Rosiglitazone delays developing DM (DREAM)
Does rosiglitazone delay the development of diabetes in patients with impaired glucose tolerance or impaired fasting glucose levels?
Patients at increased risk of developing diabetes were less likely to develop diabetes if taking rosiglitazone (Avandia) than if given a placebo. We don't know how well rosiglitazone compares with other interventions also known to delay diabetes: diet and exercise, metformin, or acarbose. We also don't know if clinically relevant outcomes are improved. (LOE = 1b)
DREAM (Diabetes REduction Assessment with ramipril and rosiglitazone Medication) Trial Investigators; Gerstein HC, Yusuf S, Bosch J, et al. Effect of rosiglitazone on the frequency of diabetes in patients with impaired glucose tolerance or impaired fasting glucose: a randomised controlled trial. Lancet 2006;368:1096-1105. [PMID:16997664]
Randomized controlled trial (double-blinded)

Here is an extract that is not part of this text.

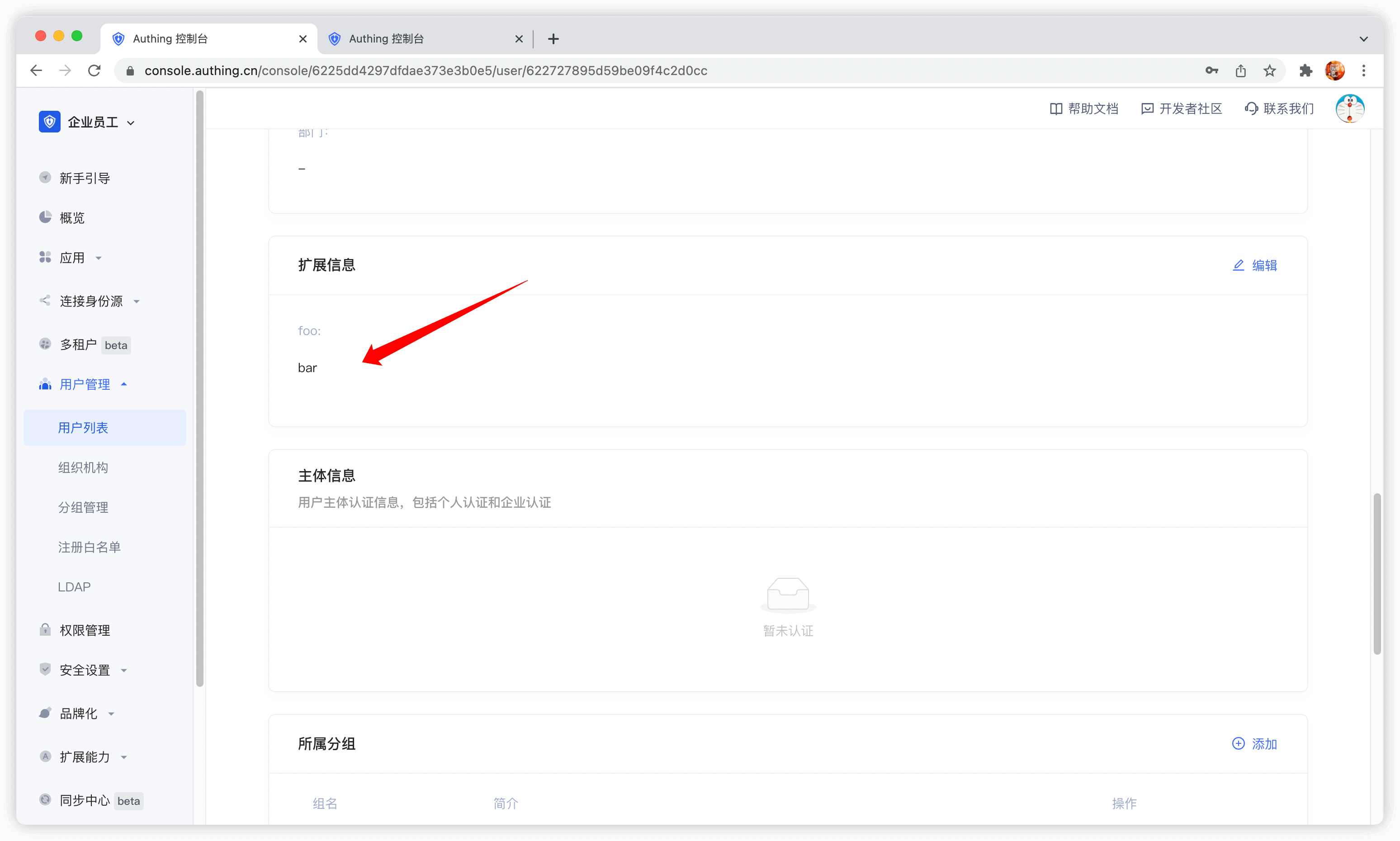 用户成功注册之后,你可以在用户详情页面看到用户刚刚输入的自定义字段值:

To be eligible for this study, patients had to have a fasting blood glucose level between 6.1 mmol/L and 7 mmol/L (110 mg/dL to 126 mg/dL); impaired glucose tolerance, defined as a glucose level between 7.8 mmol/L and 11.1 mmol/L (140 mg/dL to 200 mg/dL) measured 2 hours after a 75-g glucose load; or both. Additionally, they had to demonstrate at least 80% compliance with taking rosiglitazone during a 17-day run-in period. The authors excluded patients with diabetes and cardiovascular disease. All patients received diet and exercise advice, which is very different than a formal diet and exercise intervention. More than 5200 patients received rosiglitazone 4 mg daily for the first 2 months, then 8 mg daily for the remainder of the study, or placebo. The researchers evaluated the patients sequentially for a median of 3 years. The main outcome -- diabetes or death -- was evaluated by intention-to-treat analysis. At the end of the study, 11.6% of patients taking rosiglitazone developed this composite end point compared with 26% of the control patients (number needed to treat [NNT] = 7; 95% CI, 6-8). Since there was no difference in deaths, this NNT was entirely due to delayed development of diabetes. Only 10.6% of the patients taking rosiglitazone developed diabetes compared with 25% of the control patients (NNT= 7; 6-8). Approximately 25% of the patients taking rosiglitazone stopped taking the medication, compared with 21.5% of those taking placebo (number needed to treat to harm [NNTH] = 30; 18-95). Additionally, 0.5% of the patients taking rosiglitazone developed congestive heart failure compared with 0.1% of the control patients (NNTH = 220; 123-619). A word of precaution: Knowler and colleagues (NEJM 2002;346:393-403) compared lifestyle changes with metformin and placebo, and found that lifestyle changes were more effective than metformin. Since the DREAM study omitted the most effective intervention, we really don't know how rosiglitazone stacks up.